Bristol Myers Squibb Co. (BMS) agreed to pay Agenus Inc. $200 million up front and as much as $1.36 billion in milestone rewards for advancement of the preclinical anti-TIGIT, Fc-enhanced bispecific antibody AGEN-1777. Solely responsible for development and commercialization of the compound, BMS also would provide tiered, double-digit royalties on sales of any product resulting. AGEN-1777 is designed to target major inhibitory receptors expressed on T and NK cells. Shares of Agenus (NASDAQ:AGEN) were trading midday at $4.10, up 84 cents, or almost 26%.

Hummingbird Bioscience closes $125 million series C

HONG KONG - Hummingbird Bioscience Pte. Ltd. has raised $125 million in a series C financing to further investments in its early stage pipeline, as well as support the clinical development of its two lead programs, a HER3 antibody and an anti-VISTA neutralizing antibody, each of which are expected to enter phase I trials this year. The financing was led by Novo Holdings.

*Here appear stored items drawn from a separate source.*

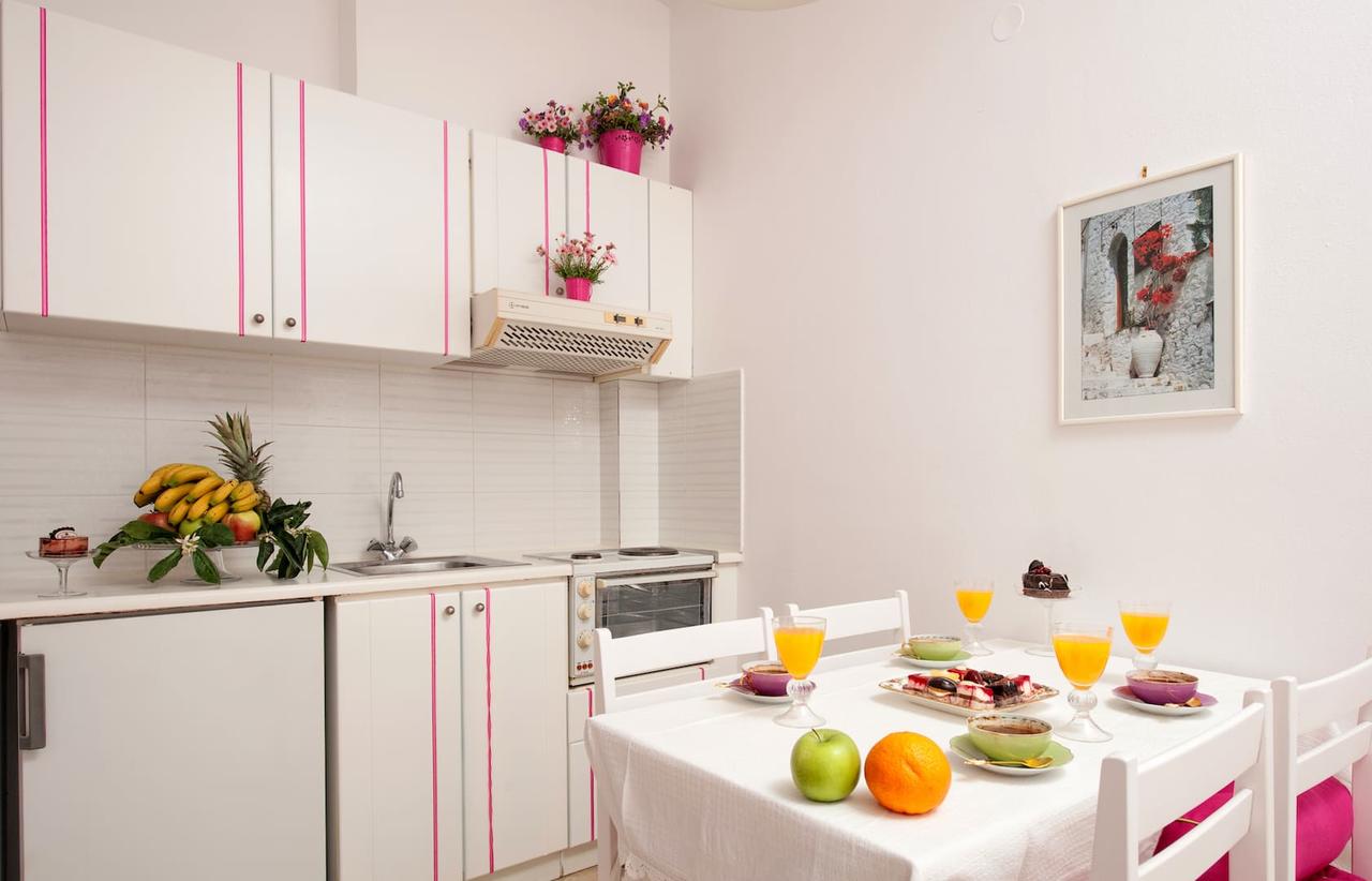 Arredati in stile moderno con mobili bianchi in legno e tonalità rosa, i monolocali e gli appartamenti del Galini dispongono di aria condizionata, angolo cottura. Tutte le unità abitative sono dotate di area salotto, zona pranzo, frigorifero, cassaforte. Il bagno privato è completo di doccia.
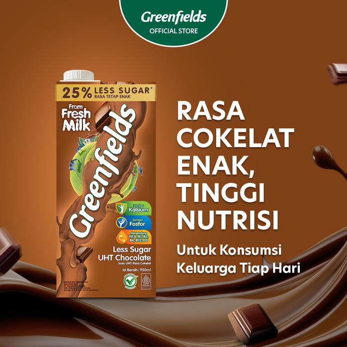 Terlaris [LEBIH HEMAT] Susu Greenfields UHT Chocolate Less Sugar 950ml x 12 pcs (1 Karton) Elegan
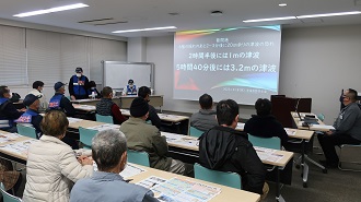 今回は、「菊間地区の地震災害について」というテーマで研修会を開催し、南海トラフ巨大地震が発生した際の菊間地区における被害想定や日頃からの備えについて、地域にお住いの方々に向け防災意識の高揚を図りました。
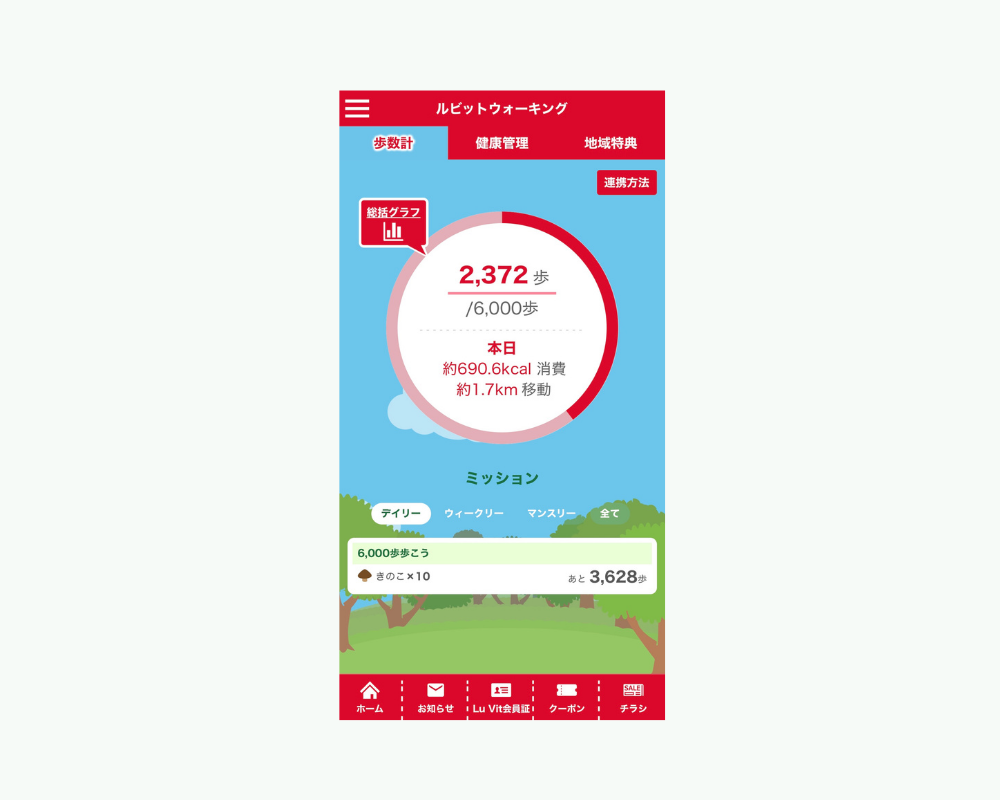 ルビットウォーキングは、日々の歩数を記録する機能です。設定された目標歩数を達成すると、きのこを獲得できます。
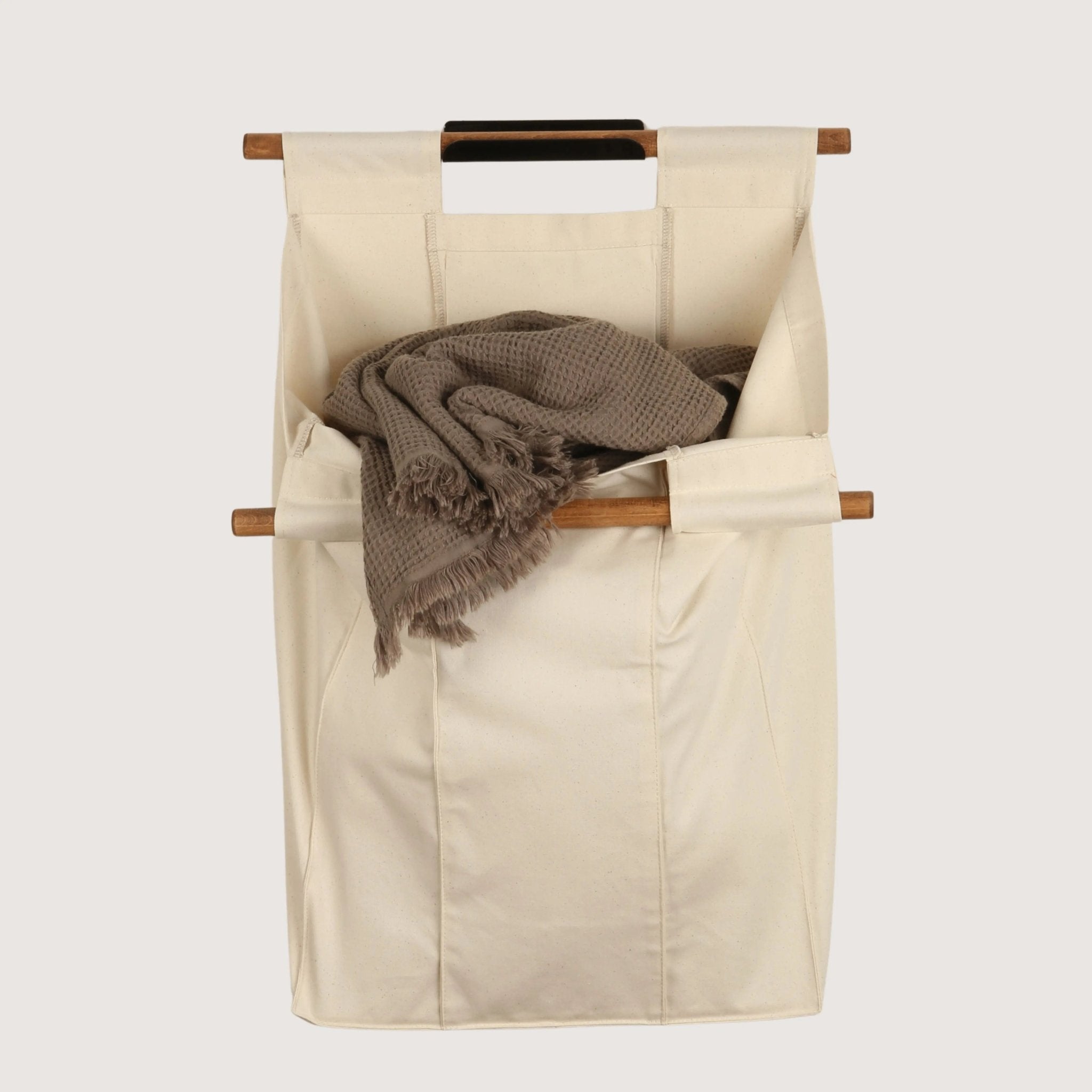Storage organization hamper crafted from a durable fabric with beechwood handles so that it’s easy to haul dirty clothes off to the laundry room.
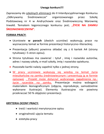 Uwaga konkurs!!! Zapraszamy do szkolnych eliminacji do II Interdyscyplinarnego Konkursu „Odkrywamy Średniowiecze” organizowanego przez Szkołę Podstawową nr 4 w Andrychowie oraz Średniowieczną Warownię Inwałd. Tematem tegorocznego konkursu jest; „ŻYCIE NA ZAMKU ŚREDNIOWIECZNYM”. FORMA PRACY: Uczniowie w parach (dwóch uczniów) wykonują prace na wyznaczony temat w formie prezentacji historyczno–literackiej. Prezentacja (album) powinna składać się z 6 kartek A4 (strony tytułowej i 5 stron opisu). Strona tytułowa ma zawierać : tytuł , imię i nazwisko autorów, adres i nazwę szkoły, e-mail szkoły, imię i nazwisko opiekuna. Pozostałe kartki należy zapełnić tylko z jednej strony. W pracy uczniowie wykazują się wiedzą na temat życia mieszkańców na zamku średniowiecznym i prezentują ją w formie opisowej . Projekt może dotyczyć wybranego zagadnienia np.: życie rycerskie na zamku. Prezentacje można wzbogacić materiałem ikonograficznym (zdjęcia, reprodukcje, samodzielnie wykonane ilustracje). Elementy ilustracyjne nie powinny przekraczać 50 % objętości prezentacji. KRYTERIA OCENY PRACY: treść i wartości merytoryczne opisu oryginalność ujęcia tematu estetyka pracy W naszych szkolnych eliminacjach wyłonimy zwycięski album, który weźmie udział w preeliminacjach do II Interdyscyplinarnego Konkursu „Odkrywamy Średniowiecze”. Prace należy dostarczyć do dnia 24 października do p. Anety Wilczak
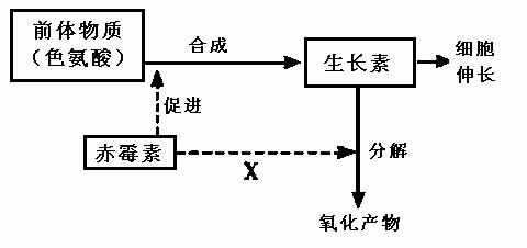 (1)果实中的生长素主要来源于 。从图中可知细胞分裂素与生长素都能促进植物的生长。从细胞学基础来分析植物的生长,生长素主要通过促进 而促进植物生长,细胞分裂素主要通过促进 而促进植物生长。 (2)从图中还可知,除了生长素能促进细胞伸长外,赤霉素也可能具有此作用。两者的关系可用下图表示。
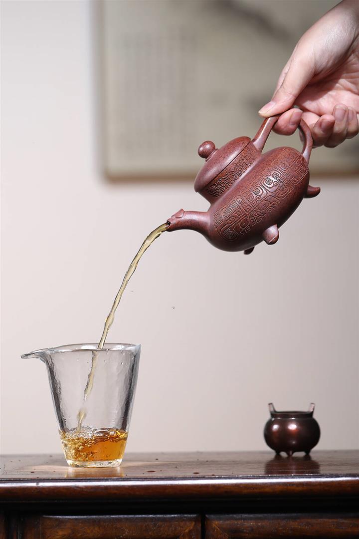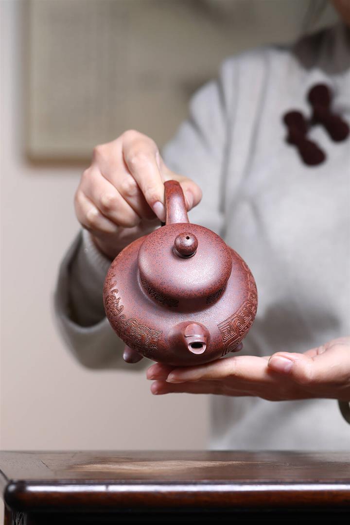 【泥料特點】砂土氣重,似淳實農民,日久使用,漸露鋒芒,養成變化,溫潤莊重。紫砂是壹種雙重氣孔結構的多孔性材質,氣孔微細,密度高。用紫砂壺沏茶,不失原味,且香不渙散,得茶之真香真味。紫砂使用越久,壺身色澤越發光亮照人,氣韻溫雅。紫砂壺長久使用器身會因撫摸擦拭,變得越發溫潤光澤。

Vedere Bio II launches with $77 million series A financing

Less than a year after Novartis AG's acquisition of optogenetics specialist Vedere Bio Inc., its successor Vedere Bio II Inc., is launching with $77 million in series A financing, led by Octagon Capital. The Cambridge, Mass.-based company will develop earlier-stage assets than those Novartis purchased, including new, mutation-agnostic optogenetics technology to improve upon current gene therapies aimed at restoring functional vision to people with vision loss due to photoreceptor death.

Interius launches with $76M series A for treating hematologic malignancies

Preclinical gene therapy company Interius Biotherapeutics Inc. has raised $76 million in an oversubscribed series A financing. Interius’ initial focus is on treating hematologic malignancies by generating CAR T cells in vivo. The Philadelphia-based company platform bypasses ex vivo cell manipulations and the often toxic pre-conditioning chemotherapy called for in standard CAR T-cell treatments. The round was co-led by Cormorant Asset Management and Fairmount Funds, and joined by Bain Capital Life Sciences, Pfizer Ventures, RA Capital Management, Longwood Fund, Logos Capital, Osage University Partners and Quan Capital.

Eurekare’s $60M series A to build, support microbiome and synthetic biology firms

LONDON – Technology commercialization specialist Eurekare SA has arrived on the scene after raising a $60 million series A, with which it plans to seed fund the formation of microbiome and synthetic biology startups and invest in later-stage rounds of companies specializing in those two fields. The money will be invested solely in European science, which, in the view of Eurekare’s founders, is at the forefront of microbiome and synthetic biology but facing the perennial problem of a shortage of funding for commercialization.

FTC asked to investigate Abbvie’s tactics

A grueling day of congressional questions and accusations won’t be the end of a U.S. House Oversight Committee investigation into Abbvie Inc.’s pricing of blockbuster drugs Humira (adalimumab) and Imbruvica (ibrutinib). In her opening comments at the May 18 hearing, committee Chair Carolyn Maloney (D-N.Y.) said she has asked the U.S. Federal Trade Commission (FTC) for a formal inquiry into whether Abbvie’s tactics to protect its drugs from competition violate any laws. Drug companies need to invest in developing new drugs – not new ways to delay competition, she added.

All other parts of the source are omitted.